For weeks, Congress appeared impervious to the #MeToo moment. As abusive men in media, entertainment, and even the culinary industry were swept from their perches, politicians held their ground. No more. Republicans and Democrats alike are compelling alleged abusers in their ranks to surrender their seats. There is, however, a distinction in how the two parties have handled allegations involving their members. While the GOP’s behavior has been thus far contradictory and chaotic, the Democrats have evinced striking discipline.

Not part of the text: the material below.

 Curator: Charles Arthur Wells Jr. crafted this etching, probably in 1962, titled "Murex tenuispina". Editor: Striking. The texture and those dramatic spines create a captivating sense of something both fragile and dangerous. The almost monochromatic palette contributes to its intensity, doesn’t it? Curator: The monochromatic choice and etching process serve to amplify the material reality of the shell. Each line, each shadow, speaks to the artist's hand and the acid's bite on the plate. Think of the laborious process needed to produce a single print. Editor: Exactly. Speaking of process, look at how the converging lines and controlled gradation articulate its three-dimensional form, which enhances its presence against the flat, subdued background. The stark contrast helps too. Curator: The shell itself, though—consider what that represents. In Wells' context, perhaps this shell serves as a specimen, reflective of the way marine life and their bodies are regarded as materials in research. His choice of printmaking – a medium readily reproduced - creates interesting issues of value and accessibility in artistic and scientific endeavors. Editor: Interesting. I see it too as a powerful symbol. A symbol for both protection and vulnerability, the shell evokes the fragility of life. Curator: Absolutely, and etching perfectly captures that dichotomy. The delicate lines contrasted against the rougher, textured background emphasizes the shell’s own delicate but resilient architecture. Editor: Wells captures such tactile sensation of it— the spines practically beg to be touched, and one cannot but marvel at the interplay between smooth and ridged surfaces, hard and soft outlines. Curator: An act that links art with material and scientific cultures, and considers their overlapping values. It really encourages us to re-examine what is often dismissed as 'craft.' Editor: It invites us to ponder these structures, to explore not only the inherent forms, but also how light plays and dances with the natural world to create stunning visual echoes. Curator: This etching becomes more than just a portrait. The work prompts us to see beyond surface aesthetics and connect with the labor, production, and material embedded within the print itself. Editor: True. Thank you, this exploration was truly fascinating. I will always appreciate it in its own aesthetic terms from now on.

Despite the Democratic Party’s election losses, it is the GOP that struggles with a leadership deficit — a feature that could make a world of difference in the upcoming midterm election in 2018.
When it comes to allegations of intolerably boorish behavior in their ranks, Republicans do not speak with one voice. For some Republicans, that could be beneficial. It allows individual members to distance themselves from the party as a whole. That response contrasts significantly with Democrats, who have gone from reflexively defending their party’s accused abusers to throwing them overboard with gusto.

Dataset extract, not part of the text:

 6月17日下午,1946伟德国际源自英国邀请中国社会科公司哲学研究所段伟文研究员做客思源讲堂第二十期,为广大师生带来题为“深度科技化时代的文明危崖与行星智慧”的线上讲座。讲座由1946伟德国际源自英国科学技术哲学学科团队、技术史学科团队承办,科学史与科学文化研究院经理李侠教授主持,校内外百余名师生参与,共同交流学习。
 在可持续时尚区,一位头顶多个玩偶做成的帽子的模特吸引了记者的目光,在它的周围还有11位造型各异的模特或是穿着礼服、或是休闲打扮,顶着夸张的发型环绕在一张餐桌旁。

Recently, Democrats have been shedding, albeit belatedly, the accused abusers in their midst and the hypocrisy that accompanied their instinct to rally the wagons around them. As indifference toward the #MeToo moment’s demands on Congress has given way to proactivity, Democrats have never stopped speaking with one voice on the matter.
Last Thursday, Republican Rep. Trent Franks shocked political observers by announcing he would resign his long-held seat. The allegations broke soon thereafter when it was revealed that Franks had asked multiple female staffers about the possibility of acting as his wife’s surrogate. Making matters worse, this seemingly innocent request was accompanied by a suggestion that the insemination be achieved the old fashioned way. This clearly violates what Speaker Paul Ryan described as the imperative of creating a “safe workplace in the House.”
Franks is, however, being held to a far stricter standard than the one set for Rep. Blake Farenthold. The Republican Congressman came under renewed scrutiny recently following revelations that he settled a 2014 harassment suit by a former staffer to the tune of $84,000. Since then, another former staffer told the Houston Chronicle that Farenthold created an “emotionally damaging” work environment and made “inappropriate” comments in her presence. As of this writing, the only Republican calling for Farenthold to step down is Utah’s Rep. Mia Love.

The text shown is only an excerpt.